Can you correct Calvin's mistake?

By Ceva's Theorem the segments $AP$ , $BQ$ , $CR$ meet at a point if and only if:

$\dfrac{AR}{RB} \cdot \dfrac{BP}{PC} \cdot \dfrac{CQ}{QA} = 1$

Since $AP$ is a median, $BP = PC$ and we get $\dfrac{AR}{RB}\cdot\dfrac{CQ}{QA} = 1$ .

Now let the unknown lengths $BC, CA$ be $a, b$ , respectively. Since $CR$ is the angle bisector from $C$ , we have $\dfrac{AR}{RB} = \dfrac{AC}{CB} = \dfrac{b}a$ , and thus $\dfrac{b}a \cdot \dfrac{CQ}{QA} = 1$ .
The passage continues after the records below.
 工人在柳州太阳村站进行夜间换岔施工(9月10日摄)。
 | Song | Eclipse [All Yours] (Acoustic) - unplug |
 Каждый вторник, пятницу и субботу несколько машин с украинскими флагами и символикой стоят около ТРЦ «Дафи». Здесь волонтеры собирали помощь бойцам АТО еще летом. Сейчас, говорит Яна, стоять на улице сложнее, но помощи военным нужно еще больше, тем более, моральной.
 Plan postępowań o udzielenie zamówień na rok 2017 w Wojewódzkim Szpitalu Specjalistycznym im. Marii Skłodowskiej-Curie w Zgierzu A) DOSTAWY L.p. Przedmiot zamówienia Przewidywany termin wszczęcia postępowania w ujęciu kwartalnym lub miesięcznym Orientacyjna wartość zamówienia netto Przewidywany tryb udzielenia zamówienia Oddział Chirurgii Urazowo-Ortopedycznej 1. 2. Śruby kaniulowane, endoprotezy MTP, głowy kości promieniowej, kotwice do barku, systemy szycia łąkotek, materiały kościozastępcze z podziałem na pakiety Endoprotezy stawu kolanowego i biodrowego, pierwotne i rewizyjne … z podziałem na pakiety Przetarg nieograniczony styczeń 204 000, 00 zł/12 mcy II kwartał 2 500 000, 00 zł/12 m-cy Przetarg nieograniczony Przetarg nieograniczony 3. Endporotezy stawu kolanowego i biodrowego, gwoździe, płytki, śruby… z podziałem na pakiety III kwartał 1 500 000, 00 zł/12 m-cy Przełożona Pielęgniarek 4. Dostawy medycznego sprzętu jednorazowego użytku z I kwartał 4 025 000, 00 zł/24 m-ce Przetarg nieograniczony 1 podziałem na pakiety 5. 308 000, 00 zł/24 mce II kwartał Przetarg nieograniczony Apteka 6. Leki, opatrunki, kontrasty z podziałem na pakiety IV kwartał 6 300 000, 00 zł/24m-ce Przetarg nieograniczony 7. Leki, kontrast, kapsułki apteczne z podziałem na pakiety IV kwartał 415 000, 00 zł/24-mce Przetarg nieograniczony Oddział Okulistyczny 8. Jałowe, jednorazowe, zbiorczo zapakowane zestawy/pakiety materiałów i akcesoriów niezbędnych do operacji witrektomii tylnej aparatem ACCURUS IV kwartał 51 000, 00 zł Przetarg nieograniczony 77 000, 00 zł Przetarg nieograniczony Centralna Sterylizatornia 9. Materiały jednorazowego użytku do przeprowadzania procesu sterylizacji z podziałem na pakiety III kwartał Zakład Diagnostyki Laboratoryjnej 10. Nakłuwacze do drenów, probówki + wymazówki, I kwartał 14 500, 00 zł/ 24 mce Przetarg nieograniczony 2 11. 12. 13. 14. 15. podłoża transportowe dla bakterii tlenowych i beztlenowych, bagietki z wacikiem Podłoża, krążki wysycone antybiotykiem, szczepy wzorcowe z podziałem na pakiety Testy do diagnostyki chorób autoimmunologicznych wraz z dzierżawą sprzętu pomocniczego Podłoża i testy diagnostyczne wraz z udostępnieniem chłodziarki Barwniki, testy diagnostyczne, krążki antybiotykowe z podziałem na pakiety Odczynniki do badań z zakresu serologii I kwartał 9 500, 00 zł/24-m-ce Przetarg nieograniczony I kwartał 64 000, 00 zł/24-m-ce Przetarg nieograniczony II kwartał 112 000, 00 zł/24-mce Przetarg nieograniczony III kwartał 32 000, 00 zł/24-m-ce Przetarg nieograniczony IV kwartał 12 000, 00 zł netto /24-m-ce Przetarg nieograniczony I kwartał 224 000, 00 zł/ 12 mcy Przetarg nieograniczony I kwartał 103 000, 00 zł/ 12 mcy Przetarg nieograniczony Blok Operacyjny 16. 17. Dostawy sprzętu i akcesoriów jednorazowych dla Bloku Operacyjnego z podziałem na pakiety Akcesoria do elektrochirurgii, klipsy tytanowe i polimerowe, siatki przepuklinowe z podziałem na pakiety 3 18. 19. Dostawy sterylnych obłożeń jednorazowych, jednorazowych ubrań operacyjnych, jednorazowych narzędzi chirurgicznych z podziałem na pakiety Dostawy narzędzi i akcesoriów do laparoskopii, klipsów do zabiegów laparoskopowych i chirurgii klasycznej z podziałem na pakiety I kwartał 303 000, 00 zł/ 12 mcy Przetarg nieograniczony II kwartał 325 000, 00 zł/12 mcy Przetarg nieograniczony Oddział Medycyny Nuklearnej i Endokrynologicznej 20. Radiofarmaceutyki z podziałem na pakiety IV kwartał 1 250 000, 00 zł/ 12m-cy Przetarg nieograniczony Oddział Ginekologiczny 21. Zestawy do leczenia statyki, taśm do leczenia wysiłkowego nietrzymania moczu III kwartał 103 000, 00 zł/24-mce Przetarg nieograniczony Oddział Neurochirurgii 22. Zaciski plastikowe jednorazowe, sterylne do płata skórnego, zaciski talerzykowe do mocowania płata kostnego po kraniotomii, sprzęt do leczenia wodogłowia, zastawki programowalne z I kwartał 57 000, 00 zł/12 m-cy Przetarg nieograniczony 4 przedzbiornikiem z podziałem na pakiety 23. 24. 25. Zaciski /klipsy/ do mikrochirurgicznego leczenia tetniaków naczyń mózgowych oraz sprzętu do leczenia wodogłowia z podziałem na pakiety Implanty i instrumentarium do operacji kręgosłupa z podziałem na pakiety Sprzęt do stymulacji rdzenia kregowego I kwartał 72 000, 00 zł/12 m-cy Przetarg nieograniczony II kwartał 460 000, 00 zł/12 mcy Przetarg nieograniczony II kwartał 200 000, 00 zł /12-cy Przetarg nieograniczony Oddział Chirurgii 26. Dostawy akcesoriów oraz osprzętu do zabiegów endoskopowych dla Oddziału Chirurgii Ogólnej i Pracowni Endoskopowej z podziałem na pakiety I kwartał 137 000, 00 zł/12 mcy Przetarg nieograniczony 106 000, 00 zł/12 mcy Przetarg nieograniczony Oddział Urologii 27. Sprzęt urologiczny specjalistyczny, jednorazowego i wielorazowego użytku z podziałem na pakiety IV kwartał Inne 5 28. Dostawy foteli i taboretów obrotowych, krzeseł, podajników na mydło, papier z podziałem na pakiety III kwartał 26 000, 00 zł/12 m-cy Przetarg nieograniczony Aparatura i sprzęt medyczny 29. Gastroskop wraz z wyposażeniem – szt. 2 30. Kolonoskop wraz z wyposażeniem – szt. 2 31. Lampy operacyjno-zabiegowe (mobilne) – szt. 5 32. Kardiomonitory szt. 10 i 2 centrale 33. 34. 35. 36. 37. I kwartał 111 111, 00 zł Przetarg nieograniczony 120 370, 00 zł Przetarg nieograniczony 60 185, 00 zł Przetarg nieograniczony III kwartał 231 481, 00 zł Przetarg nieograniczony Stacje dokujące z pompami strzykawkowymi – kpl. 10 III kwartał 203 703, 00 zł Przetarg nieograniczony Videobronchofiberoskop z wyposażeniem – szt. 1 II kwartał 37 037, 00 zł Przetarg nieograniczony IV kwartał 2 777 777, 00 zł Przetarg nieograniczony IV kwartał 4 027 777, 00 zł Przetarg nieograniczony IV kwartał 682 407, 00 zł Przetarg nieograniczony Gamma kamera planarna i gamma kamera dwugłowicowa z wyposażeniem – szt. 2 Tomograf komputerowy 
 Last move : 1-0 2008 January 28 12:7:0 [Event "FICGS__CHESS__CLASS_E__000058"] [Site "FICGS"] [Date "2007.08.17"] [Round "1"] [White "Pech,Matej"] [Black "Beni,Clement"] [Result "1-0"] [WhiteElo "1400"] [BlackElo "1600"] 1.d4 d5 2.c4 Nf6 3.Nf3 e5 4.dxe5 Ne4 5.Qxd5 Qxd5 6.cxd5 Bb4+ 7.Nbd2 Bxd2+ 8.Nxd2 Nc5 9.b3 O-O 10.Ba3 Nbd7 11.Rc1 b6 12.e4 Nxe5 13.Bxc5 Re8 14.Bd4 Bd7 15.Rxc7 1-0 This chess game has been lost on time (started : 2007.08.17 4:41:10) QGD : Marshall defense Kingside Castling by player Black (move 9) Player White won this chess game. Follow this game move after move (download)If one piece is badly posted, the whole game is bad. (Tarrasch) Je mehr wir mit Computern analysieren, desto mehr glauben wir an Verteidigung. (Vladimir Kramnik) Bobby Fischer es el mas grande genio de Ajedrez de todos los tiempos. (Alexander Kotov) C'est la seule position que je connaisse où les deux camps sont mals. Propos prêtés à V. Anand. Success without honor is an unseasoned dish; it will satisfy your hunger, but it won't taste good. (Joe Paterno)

On the other hand, $CQ+QA = b$ and combining the last two equations soon leads to $CQ = \dfrac{ab}{a+b}, QA = \dfrac{b^2}{a+b}$ . Now we use that $BQ$ is an altitude, so that by Pythagoras'Theorem, $BC^2 - CQ^2 = AB^2 - QA^2$ which leads to:

$(a-13)(a+13)(a+b) = b^2(a-b)$

Now, we need to find a solution to this equation in positive integers $a,b$ so that there exists a triangle with sides $13, a, b$ , and $13, a, b$ are all distinct. Note that any prime factor, $p$ , of $a + b$ must be a factor of $b^2(a-b)$ and hence such a prime must divide either $b$ or $a-b$ . This suggests that $a$ and $b$ might have common factors. On the other hand, if $p$ is a common factor of $a$ and $b$ , then $p^3$ divides $b^2(a-b) = (a-13)(a+13)(a+b)$ and unless $p = 13$ (which is easily seen to be impossible) $p$ cannot divide $a-13$ or $a + 13$ , so that $p^3$ divides $a +b$ .

This suggests that the common factors of $a$ and $b$ cannot be too large!

Specifically, if we try $p = 3$ , we need $27$ to divide $a + b$ . Let us try $a+b =27, a = 3x, b = 27-3x$ . Substituting this into our equation yields:

$(3x-13)(3x+13) = (9-x)^2(2x-9)$

which is correct for $x=4$ . Thus, $a=12, b=15$ is a solution and its unique.

Therefore $a+b=12+15=\boxed{27}$ .